Il lavoratore no-vax rischia di essere lasciato a casa con ferie “forzate” se non ottempera agli obblighi di legge.
Obbligo di vaccinazione per professioni sanitarie
Il Governo ha introdotto tramite l’art. 4, Decreto Legge, n. 44 del 1 aprile 2021 l’obbligo di vaccinazione anti COVID-19 per “gli esercenti le professioni sanitarie e gli operatori di interesse sanitario che svolgono la loro attività nelle strutture sanitarie, sociosanitarie e socio-assistenziali, pubbliche e private, nelle farmacie e parafarmacie e negli studi professionali”.

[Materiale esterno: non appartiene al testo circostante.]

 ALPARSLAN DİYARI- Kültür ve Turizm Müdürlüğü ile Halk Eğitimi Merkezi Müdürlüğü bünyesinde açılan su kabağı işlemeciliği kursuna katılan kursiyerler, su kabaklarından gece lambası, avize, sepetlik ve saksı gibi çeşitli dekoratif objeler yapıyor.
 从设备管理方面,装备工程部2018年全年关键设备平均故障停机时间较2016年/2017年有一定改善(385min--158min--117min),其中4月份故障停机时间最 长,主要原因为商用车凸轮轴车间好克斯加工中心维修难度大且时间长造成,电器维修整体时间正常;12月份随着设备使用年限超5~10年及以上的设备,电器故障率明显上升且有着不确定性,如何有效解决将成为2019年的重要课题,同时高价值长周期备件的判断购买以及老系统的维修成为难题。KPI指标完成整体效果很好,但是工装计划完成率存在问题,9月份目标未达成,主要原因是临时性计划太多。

Prima dell’entrata in vigore di questa norma, approvata la scorsa settimana, erano già approdati davanti al giudice diversi casi di dipendenti operanti in ospedali o in strutture sanitarie, come nel caso in esame, che si sono rifiutati di prestarsi alla somministrazione.

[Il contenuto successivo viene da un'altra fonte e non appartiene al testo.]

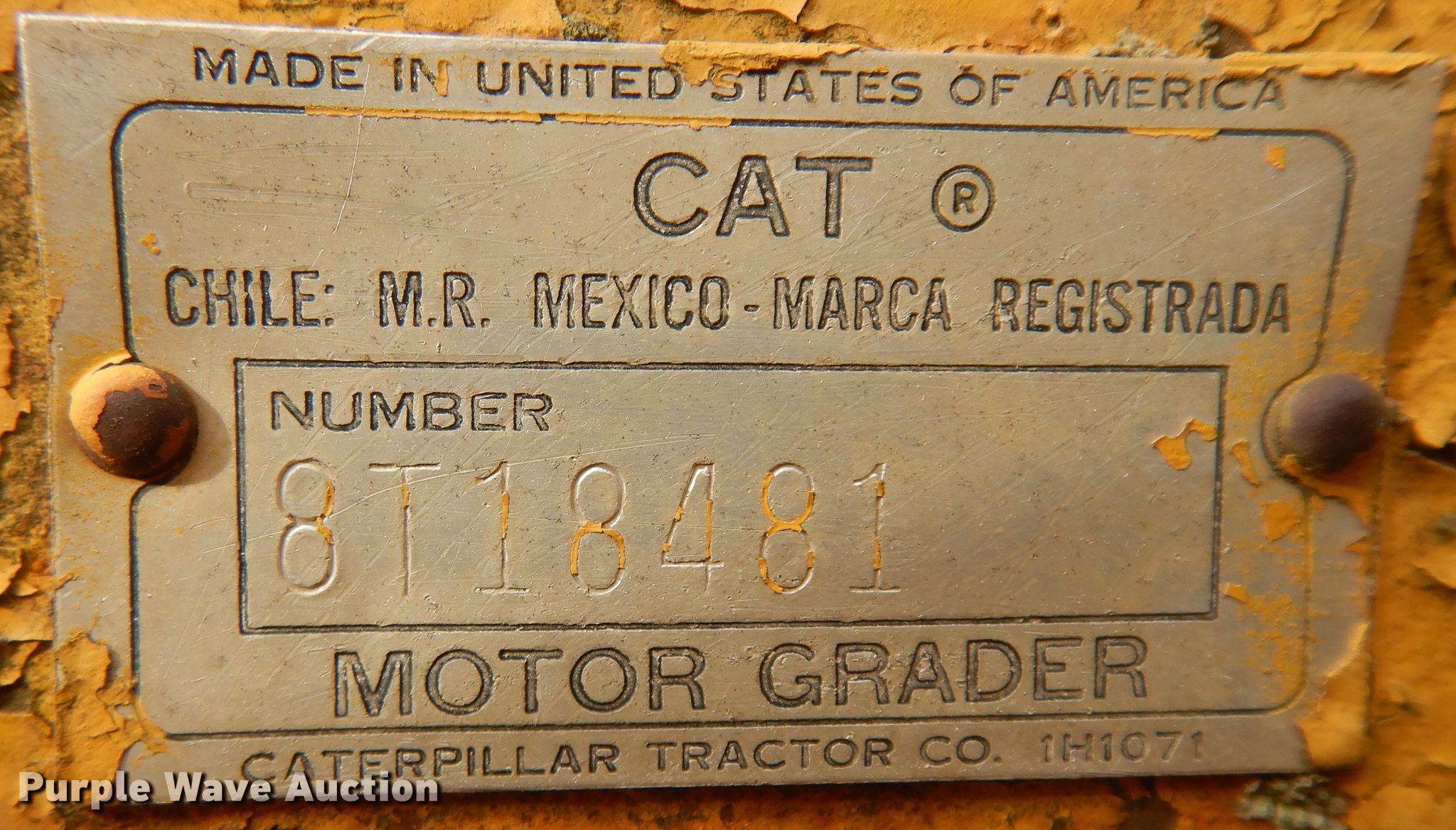 Purple Wave is selling a used Motor Grader in South Dakota. This item is a Caterpillar rigid frame motor grader with the following: Unknown hours on meter, Serial: 8T18481

Ma il datore di lavoro poteva prendere provvedimenti a riguardo? Per il Tribunale di Belluno sì e la risposta stava proprio nelle ferie “forzate”.

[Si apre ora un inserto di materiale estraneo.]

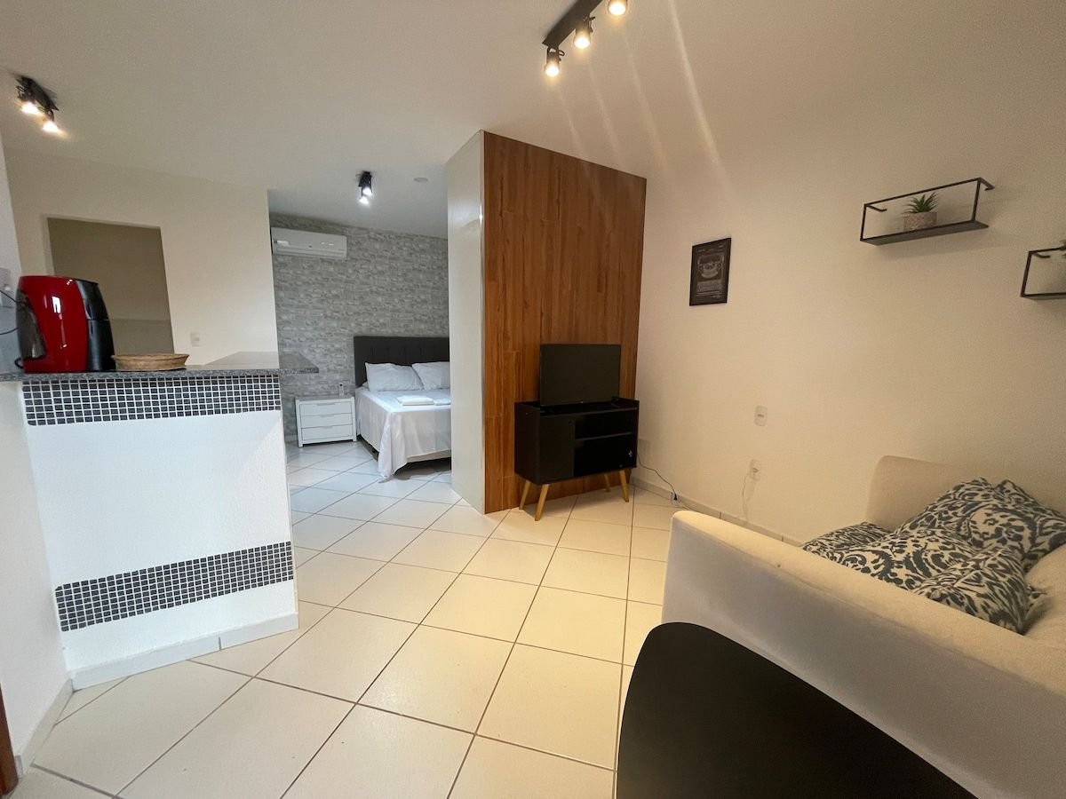 Apto tipo estudio com os ambientes separados. Espaco com armário embutido e mesa para home office, 2 TVs (sala e quarto), Claro TV com canais HD e Wi-Fi de alta velocidade. Há ventiladores de piso em todos os ambientes além de microondas, airfryer, fogão, geladeira duplex e todos os utensílios de cozinha. O banheiro é privativo com box de vidro. Possui máquina de lavar roupa. Meu apto não possui vaga de garagem, porém, indico uma moradora que costuma locar dentro do prédio

Il caso dei lavoratori sanitari che non vogliono vaccinarsi “obbligati” ad andare in ferie
Nel caso che oggi vi raccontiamo alcuni dipendenti di una residenza sanitaria per anziani, rifiutatisi di fare il vaccino anti Covid, si rivolgono al Tribunale dopo che l’amministrazione della struttura decide di metterli in “ferie forzate”.
Il Tribunale di Belluno, chiamato a pronunciarsi sul caso con ordinanza n. 12/2021, ricorda innanzitutto che l’art. 2087 c.c. prevede il diritto dell’imprenditore di adottare nell’esercizio dell’impresa le misure che, secondo la particolarità del lavoro, l’esperienza e la tecnica, sono necessarie a tutelare l’integrità fisica e la personalità morale dei prestatori di lavoro.
Nello specifico il giudice, prendendo atto dell’efficacia conclamata del vaccino anti Covid ritiene “notorio il drastico calo di decessi causati dal virus tra le categorie che ne hanno potuto usufruire, come il personale sanitario e gli ospiti di RSA, nonché, più in generale, nei Paesi, quali Israele e gli Stati Uniti, in cui il vaccino proposto ai ricorrenti è stato somministrato a milioni di individui”.
Vengono poi presi in considerazione altri elementi importanti:
- in primo luogo che i ricorrenti svolgono mansioni a diretto contatto con persone che accedono al luogo di lavoro, con l’evidente rischio di essere contagiati (e a loro volta di contagiare colleghi e pazienti);
- in secondo luogo il fatto che “la permanenza dei ricorrenti – non vaccinati – nel luogo di lavoro comporterebbe per il datore di lavoro la violazione dell’obbligo di cui all’art. 2087 c.c. che impone al datore di lavoro di adottare tutte le misure necessarie a tutelare l’integrità fisica dei suoi dipendenti;
- infine viene rilevato come il vaccino, fino a quel momento somministrato solo ai sanitari, costituisca un’idonea misura a tutelare l’integrità fisica a degli individui a cui è somministrato, prevenendo l’evoluzione della malattia.
Il diritto del datore di lavoro di “mandare in ferie” i lavoratori quando serve
Infine il giudice richiama la l’art. 2109 c.c. che prevede che il prestatore di lavoro “Ha anche diritto ad un periodo annuale di ferie retribuito, possibilmente continuativo, nel tempo che l’imprenditore stabilisce, tenuto conto delle esigenze dell’impresa e degli interessi del prestatore di lavoro” che, nel caso concreto, “prevale sull’eventuale interesse del prestatore di lavoro ad usufruire di un diverso periodo di ferie, l’esigenza del datore di lavoro di osservare il disposto di cui all’art. 2087 c.c.”.
Il Tribunale rigetta il ricorso
A seguito di tutte queste considerazioni e verificata l’inesistenza del rischio di un licenziamento o della sospensione senza retribuzione dei lavoratori no-vax, il Tribunale rigetta il ricorso dei ricorrenti.